From my research these are the choices
PBO + drawpixels
PBO + texsubimage2d (render to texture and then put this texture on a screen aligned quad)
I dont know more if u can add in?
I have only tried 1) should I try 2) or does anyone have a 3rd or 4th option?
Adding another insight into this. I did a time comparison among the two methods for just the calculation part not taking the transfers into account and the timings are
GLSL: ~0.001msec (using hires timer).
CUDA kernel: ~25 msecs (using cudaEvent API).
So does it mean that my CUDA kernel needs to be optimized further?
My CUDA code is an exact copy of GLSL code even then, there is a considerable difference in performance btw them. I know that I might get some more juice from my hardware using CUDA (shared memory and other caveats) but am I correct to say that GLSL is doing a lot of background optimizations which are transparent to us. These show up to you when you compare with some other API like CUDA. Am I correct to say this?

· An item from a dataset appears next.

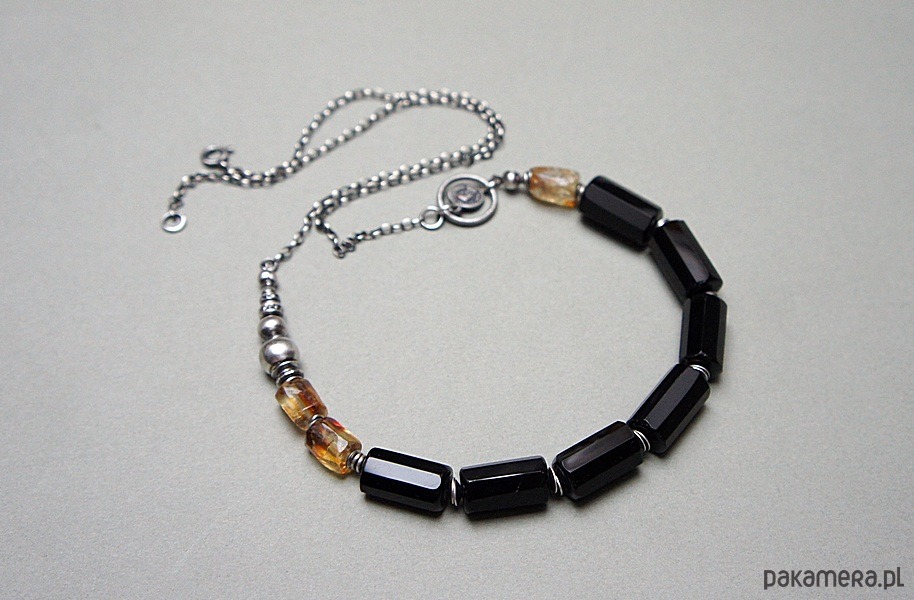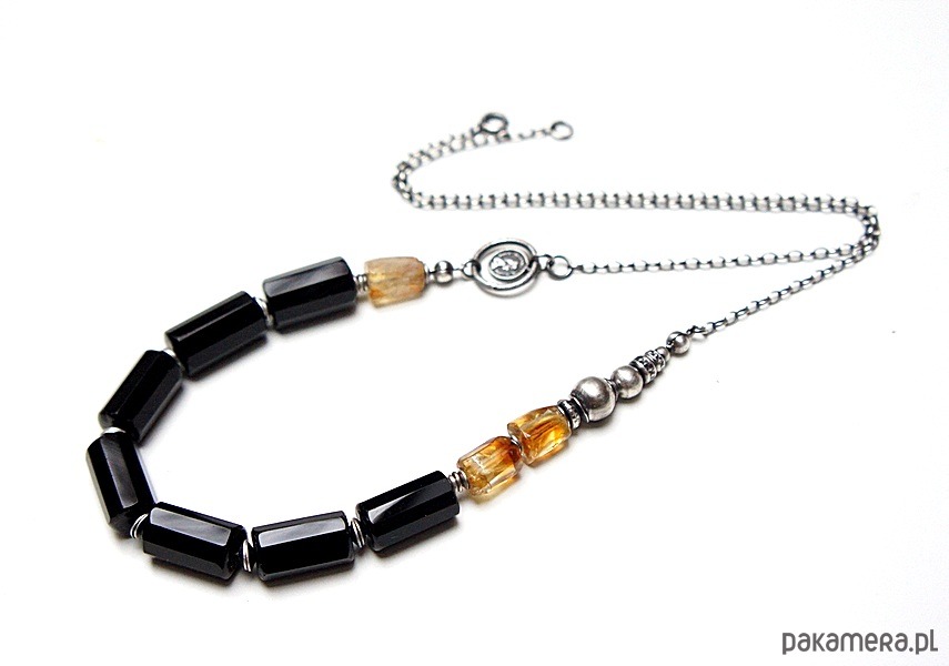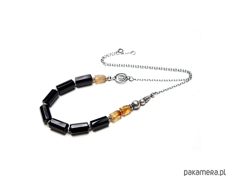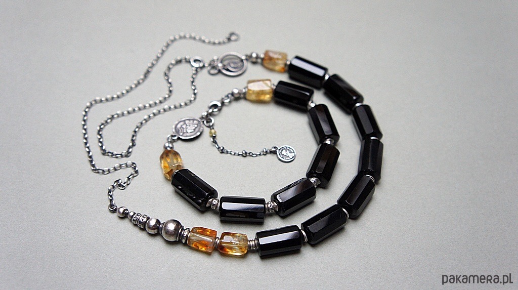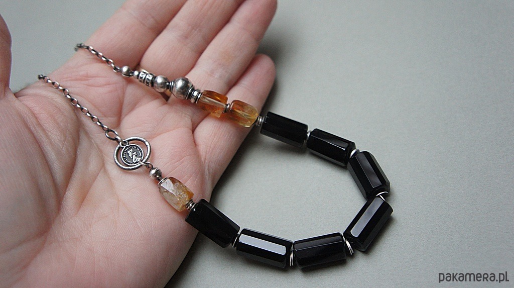 Naszyjnik wykonany ze srebra [pr. 925] w połączeniu z fasetowanymi walcami onyksów [16mm ], bryłkami cytrynów [12mm] -kamienie posiadają naturalne niedoskonałości oraz srebrną imitacją monety . Całość oksydowana i przetarta. Całkowita długość naszyjnika około 60cm . Biżuteria ozdobnie zapakowana.

CUDA uses more precise floating point operations, or better GLSL uses more relaxed math. Using OpenCL I saw the same, but you can specify to the OpenCL compiler that it can use faster (more unprecise) math, which gave me a good boost (but not the same performance as GLSL). Take a look if you can do the same for CUDA…
WOW. Thanks Chris Lux, CUDA nvcc has two flags (-use_fast_math and /Ox for full optimization). I just passed that in and VIOLAVOILA (thanks ZBuffer) my performance is much better now.
CUDA: ~7.25 msecs
GLSL: ~8.5 msecs
Some more questions:
Is there a way to control precision of floating point in GLSL. I have already specified
precision highp float;
in all my shaders ?
Do u think, adding in shared memory will help further improve performance for CUDA?

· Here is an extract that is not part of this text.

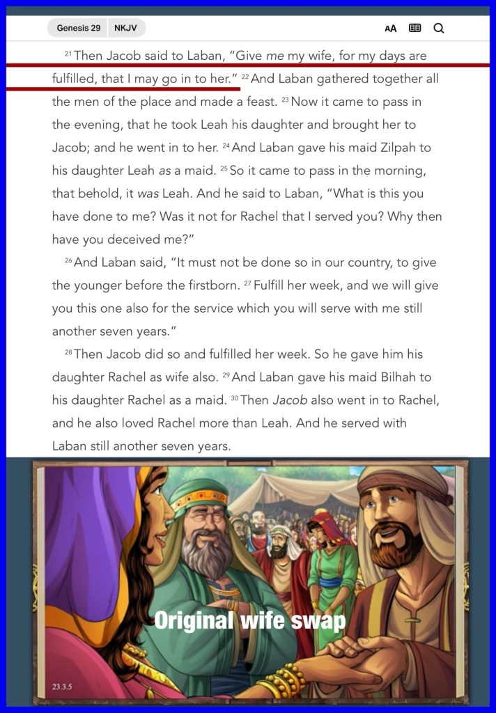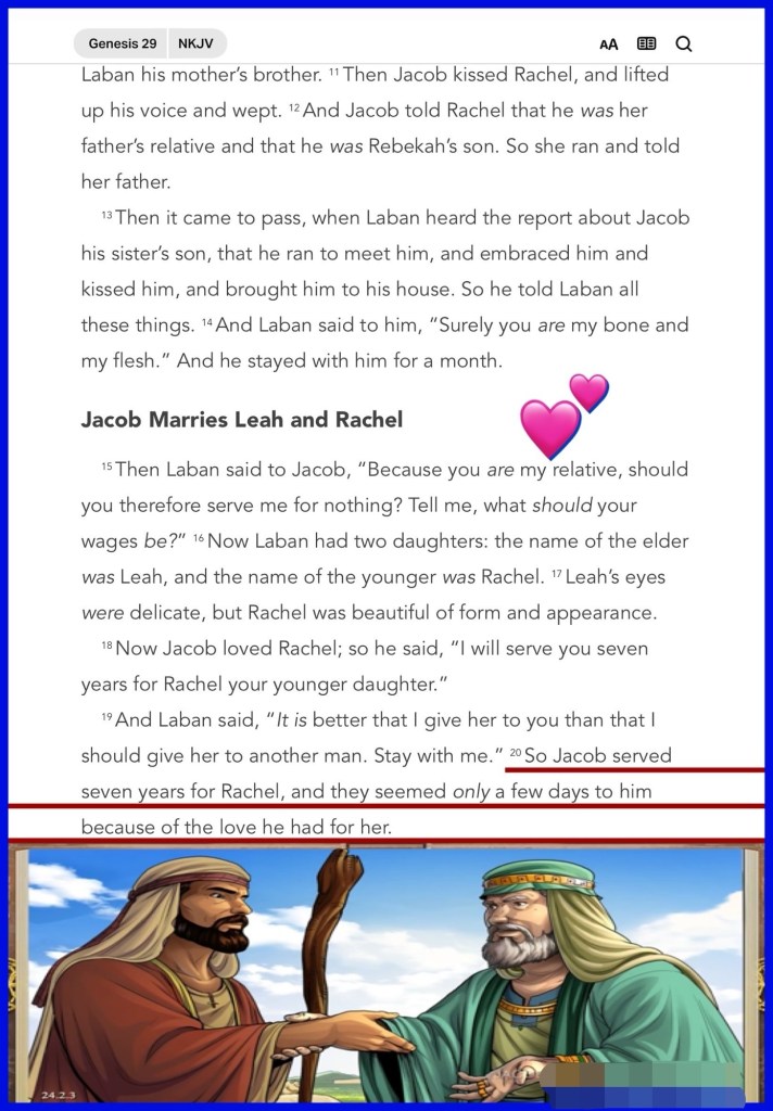 “So Jacob served seven years for Rachel, and they seemed only a few days to him because of the love he had for her.” “Then Jacob said to Laban, “Give me my wife, for my days are fulfilled, that I may go in to her.”” Genesis 29: 20-21

Do I go ahead and replace drawpixels with using shader to render the output image?
Thanks for the VOILA hint I have corrected the original post. Just updating stats here.
Now my CUDA code is using PBO + glTexSubImage2D to update the texture and then renders that texture rather than DrawPixels call and the new performance results are:
(All of these stats are generated on my NVIDIA Quadro FX 5800 GPU for an output resolution of 1024x1024 with contnuously updating the rendering.)

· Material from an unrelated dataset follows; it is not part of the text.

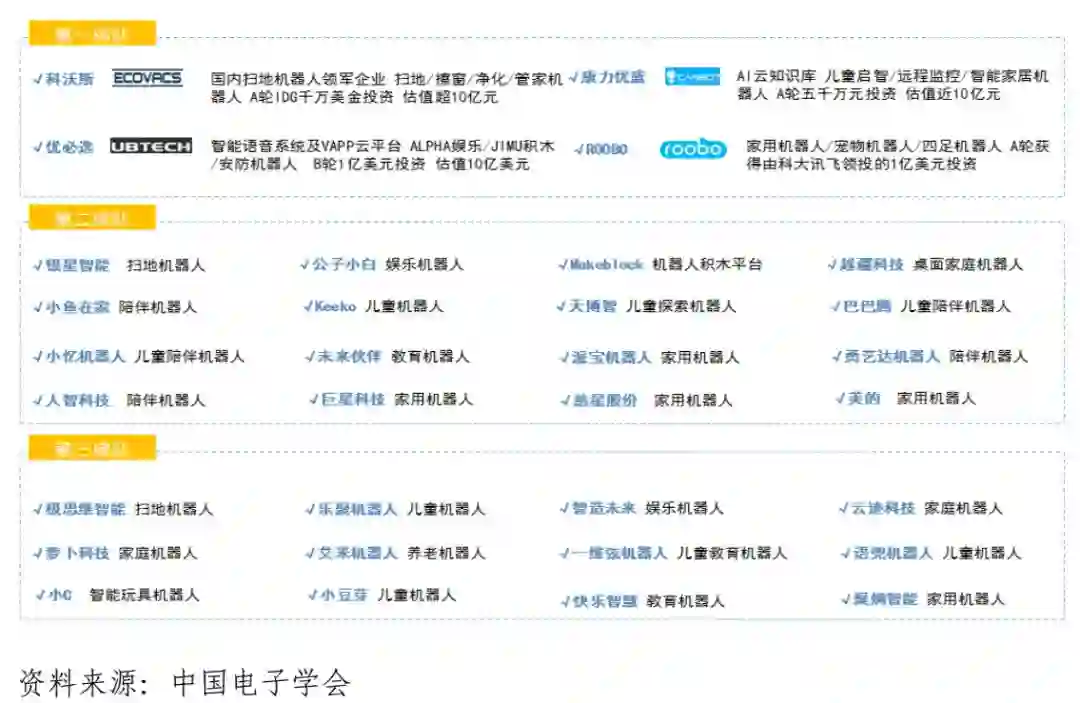 从今天科沃斯上市来说,可以分为几个小点:1、最快成熟的三个细分品类。一个是清洁机器人,像科沃斯,在中国不仅仅是科沃斯,像小米,像很多家电企业都在做扫地清洁机器人。而且从家用清洁机器人,未来还有一个领域是偏商用的和大型工业用的清洁机器人,这一块在中国是比较有优势的,也比较成熟。还有两个品类就是平衡车和无人机,我们叫飞行机器人。飞行机器人我们知道中国有一个巨头就是大疆。而且大疆未来除了将相关的智能技术用于无人机以外,他们还应该会在机器人方面有很多投入。2、特定场景和空间的短途物流机器人。举几个例子,比如像目前发展非常快的仓储物流机器人,从国外的亚马逊开始,到中国现在大多数的电商、物流和仓储企业都在采用,而且越来越多的采用国产仓储物流机器人,这是一个应用场景。另外一个应用场景就是酒店物流机器人,我们跟踪了一家中国的酒店服务机器人公司,从第一家酒店做到今年全国有300多家酒店在用酒店物流机器人,现在应该说是应用场景全球第一。还有中国公司在做基于医院的物流机器人,除了移动能力以外,他们根据医院的场景和业务逻辑做了定制整合。所以在特定场景和空间的短途物流机器人,我们认为未来的发展空间非常大。

GLSL (using FBO and multiple textures): ~108-109 FPS (MaxFPS: ~1175)
CUDA (using glTexSubImage2D to display): ~89-90 FPS (MaxFPS: ~1597)
CUDA (using glDrawPixels to display): ~58-59 FPS (MaxFPS: ~248)
Since the algorithm I have has two parts update and render I break up the timing and here are the results.
This actually creates some complexities for both NVIDIA and users. On a technical level, Fermi’s context switching is relatively fast for a GPU, but on an absolute level it’s still slow. CPUs can context switch in a fraction of the time, giving the impression of a concurrent thread execution even when we know that’s not the case. Furthermore for some reason context switching between rendering and compute on Fermi is particularly expensive, which means the number of context switches needs to be minimized in order to keep from wasting too much time just on context switching.
What they were saying was that a single Quadro graphics card experienced choppiness because of context switches between compute and graphics, whereas the Tesla/Quadro solution did not because it didn’t need to context switch as each card was dedicated to a context. So my thought was that your single card may be experiencing the same context switch delay. I suppose if you can optimize the CUDA solution so that it’s much faster than the GLSL one, the added context switch time would be acceptable.